28日、中国電力は2026年度(2027年3月期)の業績予想を発表しました。
中東情勢の緊迫化を背景に、原油やLNGなど化石燃料価格が高止まりする前提のもと、営業利益は520億円と、前の年度から約4割減少する見通しです。経常利益は400億円、最終的な純利益は310億円を見込んでいます。

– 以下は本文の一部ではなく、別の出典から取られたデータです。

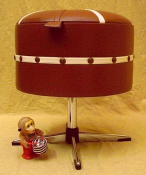 Drehhocker aus den 70er Jahren mit raffiniertem Stauraum! Unter dem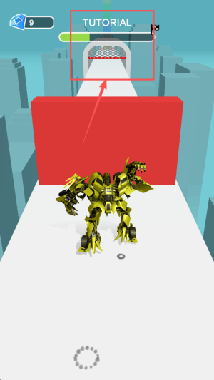 1、开启跑酷准备:进入游戏后熟悉机器人变形规则,明确 “躲避障碍、收集砖石” 目标,了解关卡通关条件与皮肤兑换机制。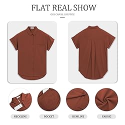 Womens Button Down Casual Shirts Cotton Short Sleeve Blouses Solid Summer Tops with Pocket

2026年度は、島根原子力発電所2号機が定期検査のため、2月から8月まで稼働を停止する予定で、100億円の減益要因になるとしています。加えて、燃料価格の変動が電気料金に反映されるまでの「燃料費調整制度の期ずれ差損」も利益を押し下げる要因として織り込まれています。
中川賢剛社長は決算会見で、
「中東情勢をはじめとする国際情勢の不透明感が強まる中、燃料価格の変動リスクは引き続き大きい」とした上で、「こうした環境だからこそ、化石燃料を使用しない原子力発電所を安定的に運営することの重要性は、ますます高まっている」と述べました。
また、2025年度(2026年3月期)の決算については、営業収益は1兆4,423億円で、前の年度から869億円の減収となりました。営業利益は902億円で、389億円の減益となり、減収減益でした。
販売電力量は増加したものの、燃料価格の低下に伴う燃料費調整額の減少が売上を押し下げました。
利益面では、島根原発2号機の再稼働や電力需要の増加による収支改善があった一方、卸・小売事業における競争の激化や送配電事業でのコスト増加などが影響したということです。
2025年度の経常利益は802億円、最終的な純利益は685億円となり、いずれも前の年度を下回りました。
自己資本比率は16.8%と改善しています。
山口県上関町で検討している使用済み核燃料の中間貯蔵施設については、現時点で具体的な事業計画の公表には至っていないものの、事業計画の検討を進めるとともに、地域への経済対策も含めて慎重に検討していると説明しました。